[Supplied information]

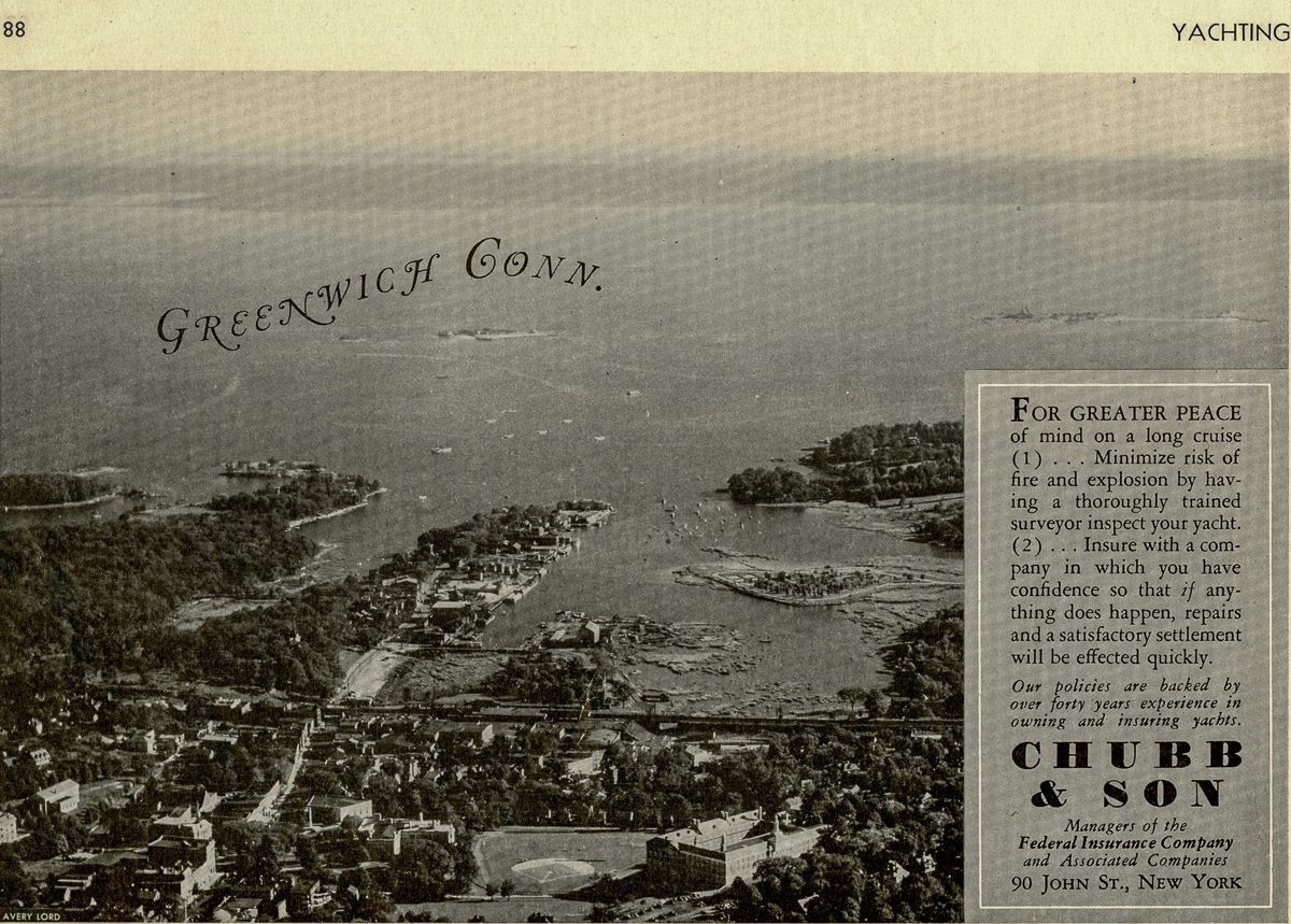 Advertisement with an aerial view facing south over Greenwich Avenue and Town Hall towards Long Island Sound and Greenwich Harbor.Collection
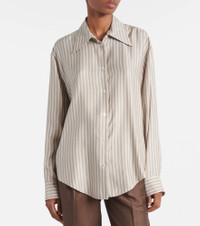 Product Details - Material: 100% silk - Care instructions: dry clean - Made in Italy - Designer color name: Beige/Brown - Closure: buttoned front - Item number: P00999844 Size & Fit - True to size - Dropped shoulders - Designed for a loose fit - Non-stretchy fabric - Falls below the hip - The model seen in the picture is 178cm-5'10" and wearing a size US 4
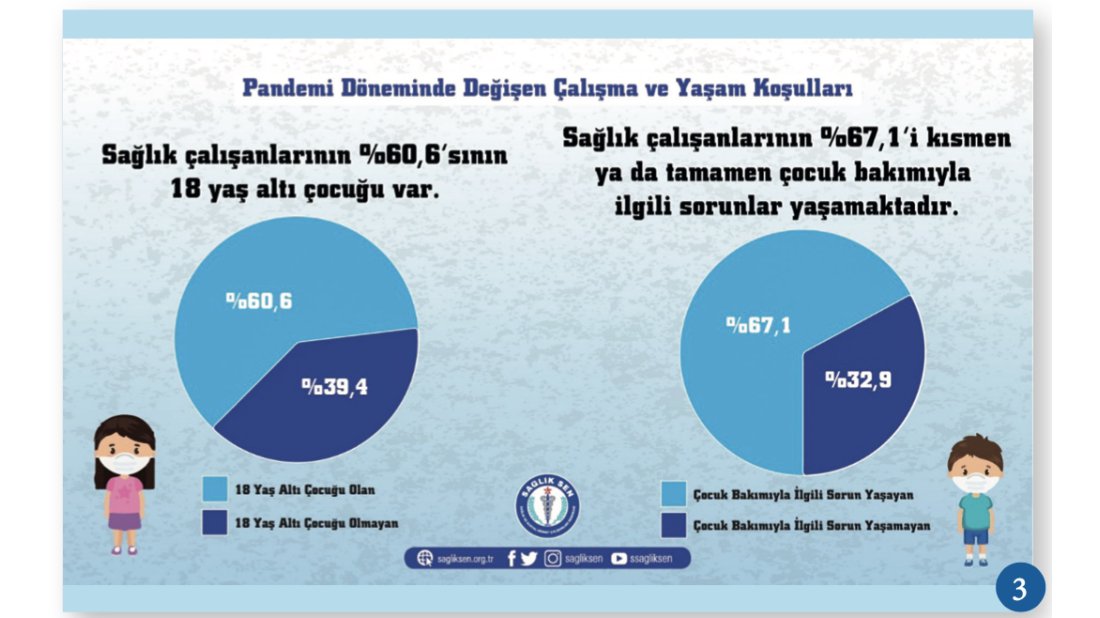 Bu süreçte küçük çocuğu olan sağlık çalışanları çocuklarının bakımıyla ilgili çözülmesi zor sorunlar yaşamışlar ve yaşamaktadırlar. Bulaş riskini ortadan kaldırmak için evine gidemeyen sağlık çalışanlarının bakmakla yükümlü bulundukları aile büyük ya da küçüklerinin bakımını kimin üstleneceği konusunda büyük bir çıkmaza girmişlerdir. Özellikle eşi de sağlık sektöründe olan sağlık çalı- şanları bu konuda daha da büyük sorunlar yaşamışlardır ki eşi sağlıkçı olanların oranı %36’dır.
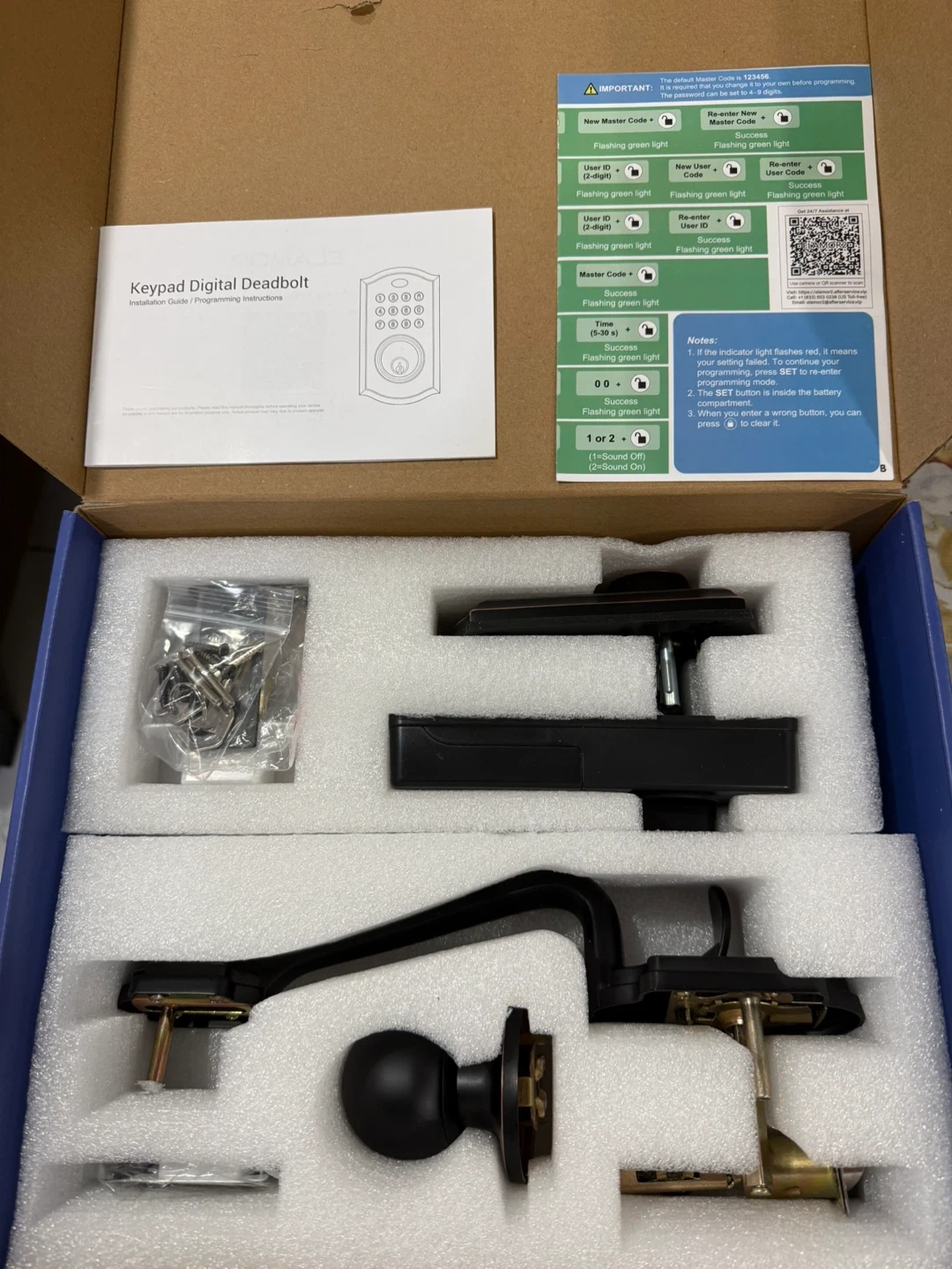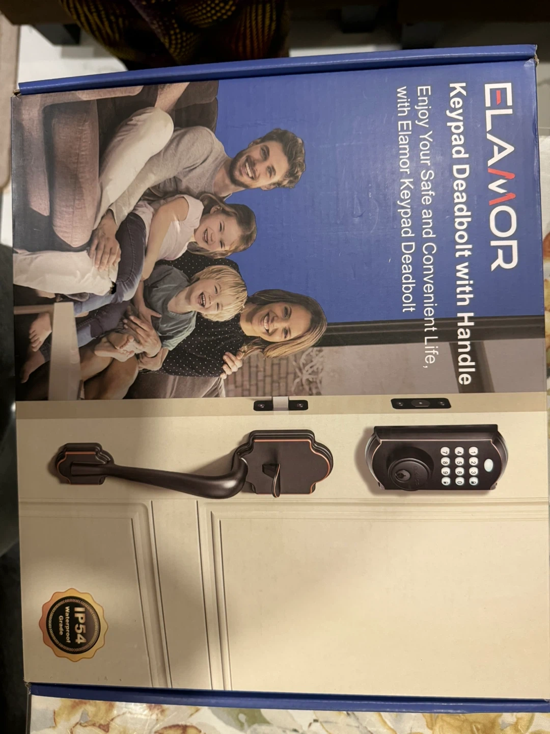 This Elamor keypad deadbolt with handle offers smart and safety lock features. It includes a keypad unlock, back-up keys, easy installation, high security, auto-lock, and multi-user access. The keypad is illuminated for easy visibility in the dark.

[/Supplied information]
[Supplied information]

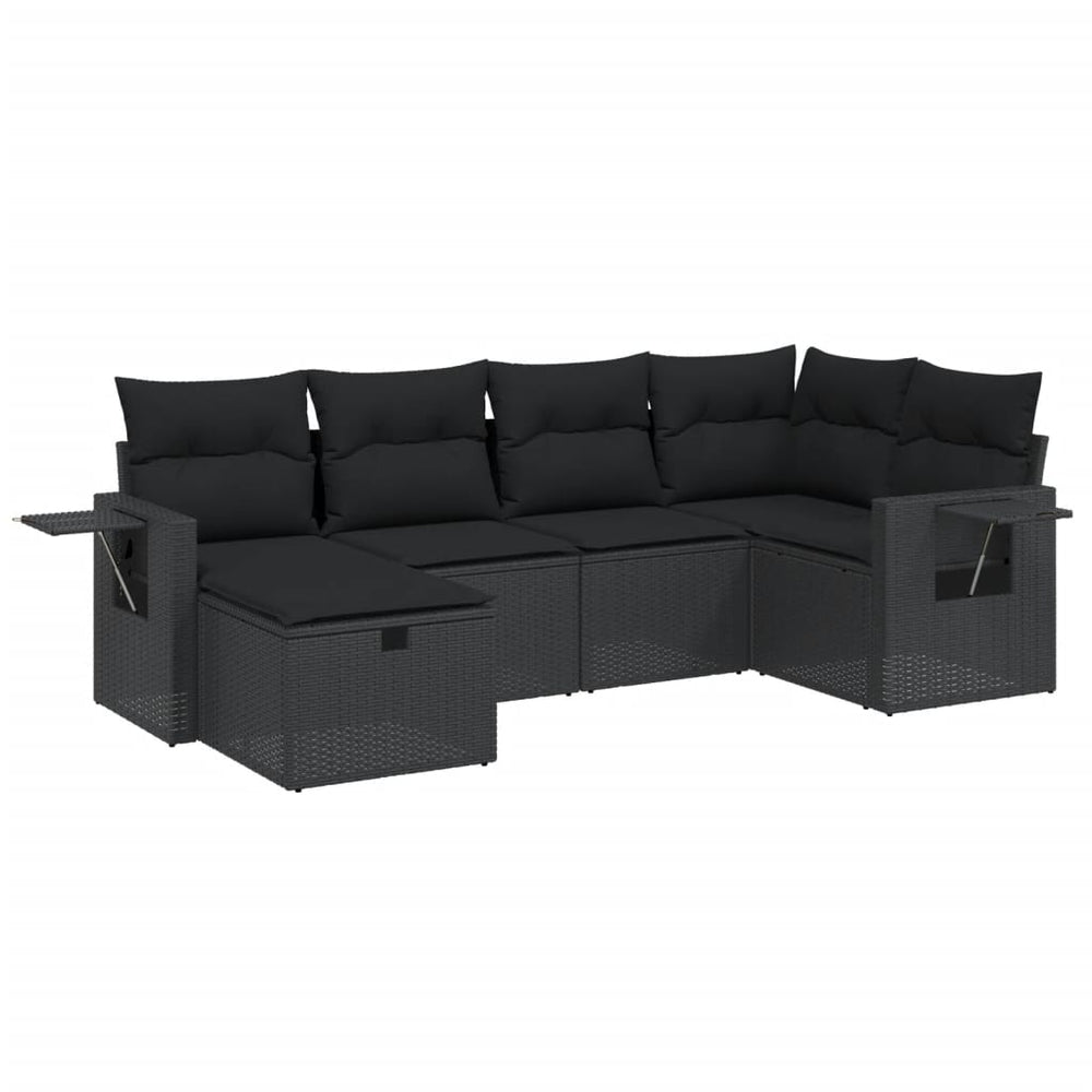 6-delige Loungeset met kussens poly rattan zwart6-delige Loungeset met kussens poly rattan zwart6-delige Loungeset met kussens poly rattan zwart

[/Supplied information]

Within the listing above, the stretch from the line with "Product Details - Material: 100%" down to the line with "This Elamor keypad" is to be given again exactly, end lines included and pictures excluded.

- _Answer to this task_:
 Product Details - Material: 100% silk - Care instructions: dry clean - Made in Italy - Designer color name: Beige/Brown - Closure: buttoned front - Item number: P00999844 Size & Fit - True to size - Dropped shoulders - Designed for a loose fit - Non-stretchy fabric - Falls below the hip - The model seen in the picture is 178cm-5'10" and wearing a size US 4
 Bu süreçte küçük çocuğu olan sağlık çalışanları çocuklarının bakımıyla ilgili çözülmesi zor sorunlar yaşamışlar ve yaşamaktadırlar. Bulaş riskini ortadan kaldırmak için evine gidemeyen sağlık çalışanlarının bakmakla yükümlü bulundukları aile büyük ya da küçüklerinin bakımını kimin üstleneceği konusunda büyük bir çıkmaza girmişlerdir. Özellikle eşi de sağlık sektöründe olan sağlık çalı- şanları bu konuda daha da büyük sorunlar yaşamışlardır ki eşi sağlıkçı olanların oranı %36’dır.
 This Elamor keypad deadbolt with handle offers smart and safety lock features. It includes a keypad unlock, back-up keys, easy installation, high security, auto-lock, and multi-user access. The keypad is illuminated for easy visibility in the dark.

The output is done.